History

Vanuatu
- Name: Transocean John Shaw
- Owner: Transocean
- Operator: Transocean
- Port of registry: Vanuatu
- Builder: Mitsui Engineering & Shipbuilding Ltd; Chiba, Chiba, Japan;
- Completed: 1982
- Identification: Call sign: 3EDT9; DNV ID: 13097; IMO number: 8752025;
- Fate: Scrapped 2016

General characteristics
- Class & type: Det Norske Veritas; + 1A1, Column stabilised Unit;
- Tonnage: 15,425 GT; 4,627 NT
- Length: 281 ft (86 m)
- Beam: 212 ft (65 m)
- Draught: Operating: 70 ft (21 m); Transit: 24 ft (7.3 m);
- Depth: 116 ft (35 m)
- Crew: 115

= Transocean John Shaw =

Semi-submersible drilling rig

Transocean John Shaw was a semi-submersible drilling rig designed by Friede & Goldman as a self-propelled modified & enhanced pacesetter, built and delivered in 1982 by Mitsui Engineering & Shipbuilding Ltd. in Japan.

The Panama-convenience flagged vessel was designed and outfitted to operate in harsh environments. The rig was capable of operations at water depths up to 1800 ft and drilling down to approximately 25000 ft using an 18.77 in, 10,000 PSI blowout preventer (BOP), and a 21 in outside diameter (OD) marine riser.

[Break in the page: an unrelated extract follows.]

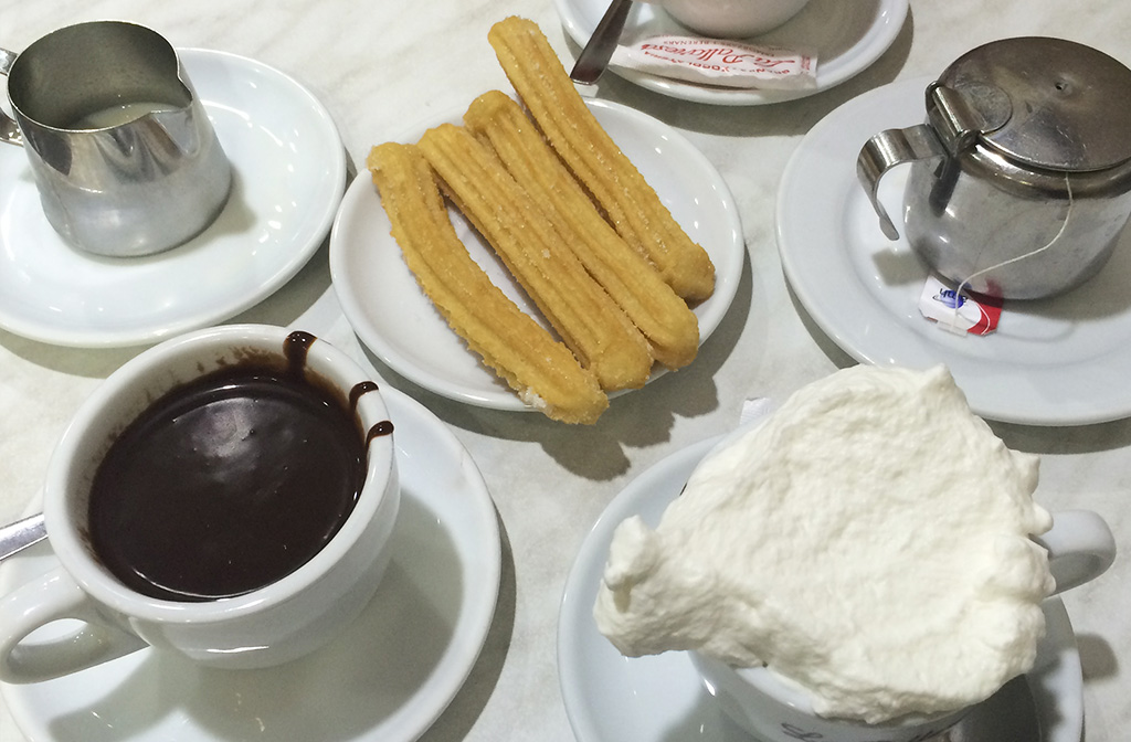 Après-midi dans les quartiers du Barri Gothic et d’El Born. Des dédales de petites rues pour marcher au grès de nos envies : charmant ! Pause goûter pour tester les fameux Churros con chocolate à la Granja La Pallaresa. Y aller pour le folklore du lieu et non pour son calme.

The rig was named after John S. Shaw, former chairman of Birmingham, Alabama-based Sonat Inc. Sonat spun off its offshore division as Sonat Offshore in 1993, and it changed its name to Transocean in 1996. In January 2016, it was decided to scrap the rig, and after a period berthed at Invergordon, Scotland, it departed, under tow, for Aliaga, Turkey on 19 April 2016.